» Materials provided:
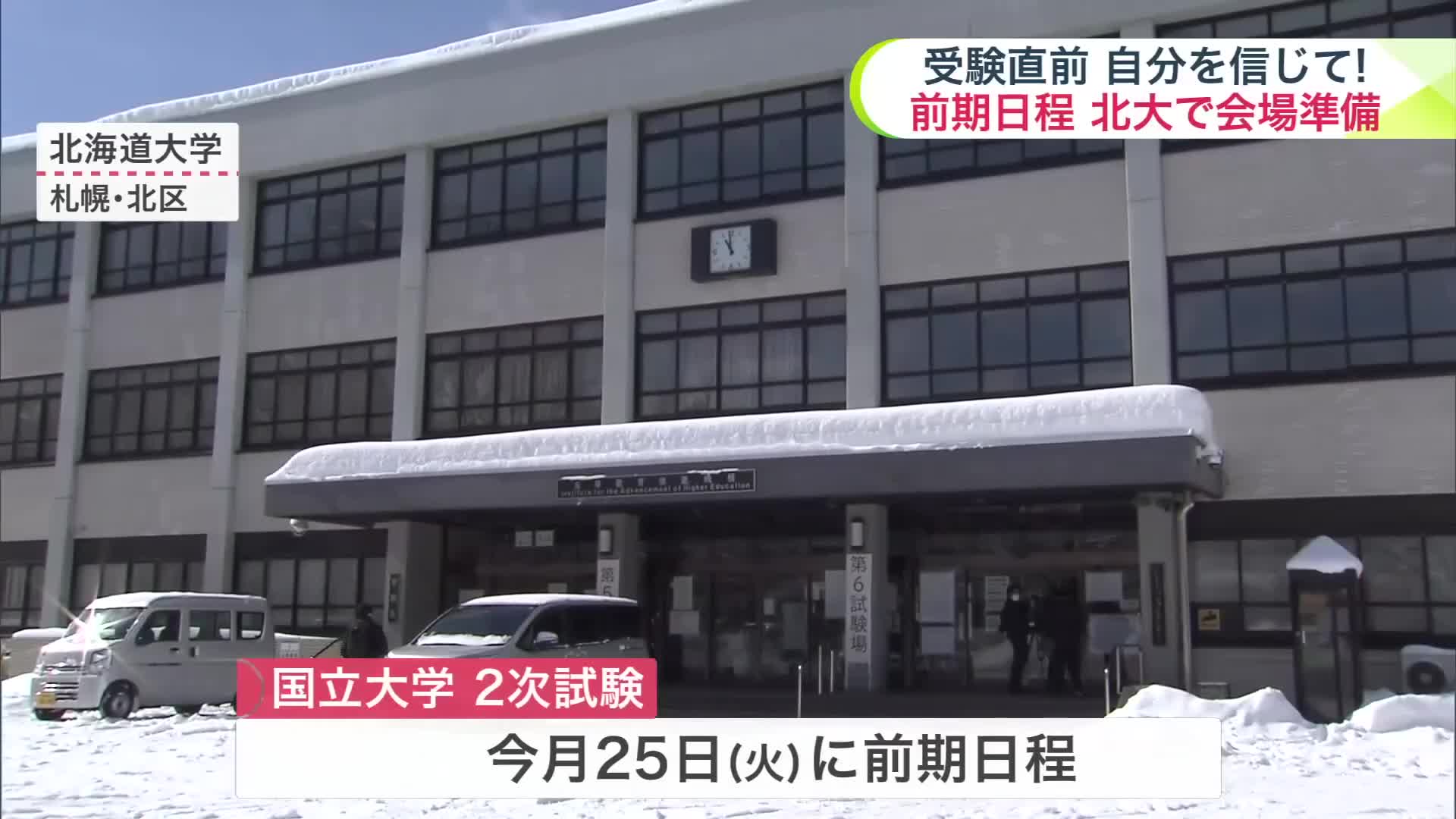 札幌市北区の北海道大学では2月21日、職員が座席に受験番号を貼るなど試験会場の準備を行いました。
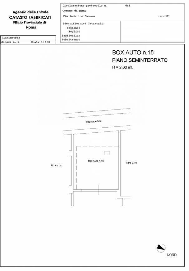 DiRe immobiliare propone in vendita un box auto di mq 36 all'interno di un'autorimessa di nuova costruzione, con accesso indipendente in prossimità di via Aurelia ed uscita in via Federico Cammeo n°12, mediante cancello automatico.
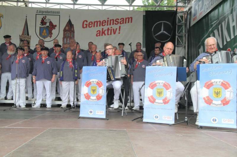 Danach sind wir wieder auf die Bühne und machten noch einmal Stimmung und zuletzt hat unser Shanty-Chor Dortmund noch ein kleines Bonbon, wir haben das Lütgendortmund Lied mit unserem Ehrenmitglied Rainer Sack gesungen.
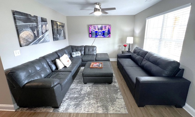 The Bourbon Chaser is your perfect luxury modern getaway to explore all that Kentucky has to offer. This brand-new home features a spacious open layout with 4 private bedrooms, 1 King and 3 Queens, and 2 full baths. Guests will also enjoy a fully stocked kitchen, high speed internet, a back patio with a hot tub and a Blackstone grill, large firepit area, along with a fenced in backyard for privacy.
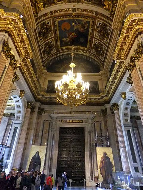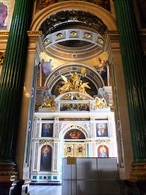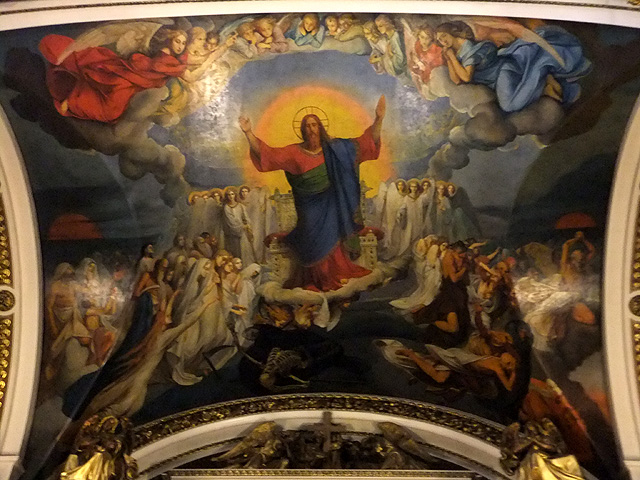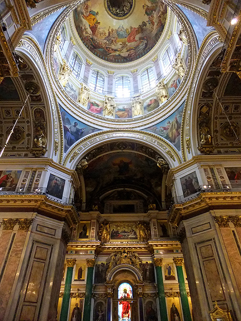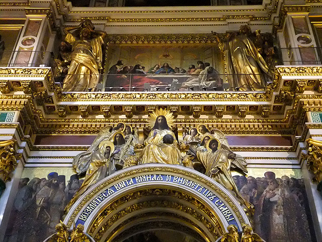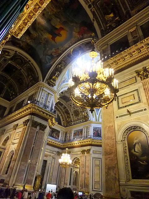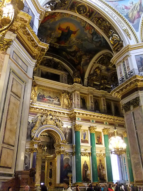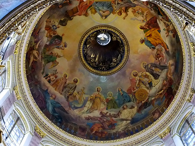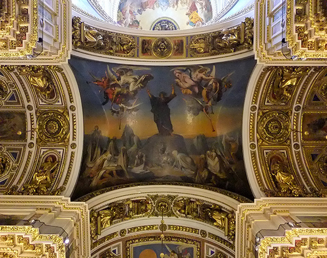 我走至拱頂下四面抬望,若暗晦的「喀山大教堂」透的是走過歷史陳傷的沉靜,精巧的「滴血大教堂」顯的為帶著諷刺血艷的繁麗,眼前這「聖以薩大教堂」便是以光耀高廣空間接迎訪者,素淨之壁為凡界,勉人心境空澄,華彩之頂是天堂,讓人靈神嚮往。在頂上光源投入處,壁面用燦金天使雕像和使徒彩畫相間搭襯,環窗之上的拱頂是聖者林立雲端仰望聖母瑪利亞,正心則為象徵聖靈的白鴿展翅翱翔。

» Aim of the exercise:
Exact repetition is the task: every line from the start of the data to the line with "Danach sind wir", inclusive, and none after it, pictures omitted.

» Answer box:
 札幌市北区の北海道大学では2月21日、職員が座席に受験番号を貼るなど試験会場の準備を行いました。
 DiRe immobiliare propone in vendita un box auto di mq 36 all'interno di un'autorimessa di nuova costruzione, con accesso indipendente in prossimità di via Aurelia ed uscita in via Federico Cammeo n°12, mediante cancello automatico.
 Danach sind wir wieder auf die Bühne und machten noch einmal Stimmung und zuletzt hat unser Shanty-Chor Dortmund noch ein kleines Bonbon, wir haben das Lütgendortmund Lied mit unserem Ehrenmitglied Rainer Sack gesungen.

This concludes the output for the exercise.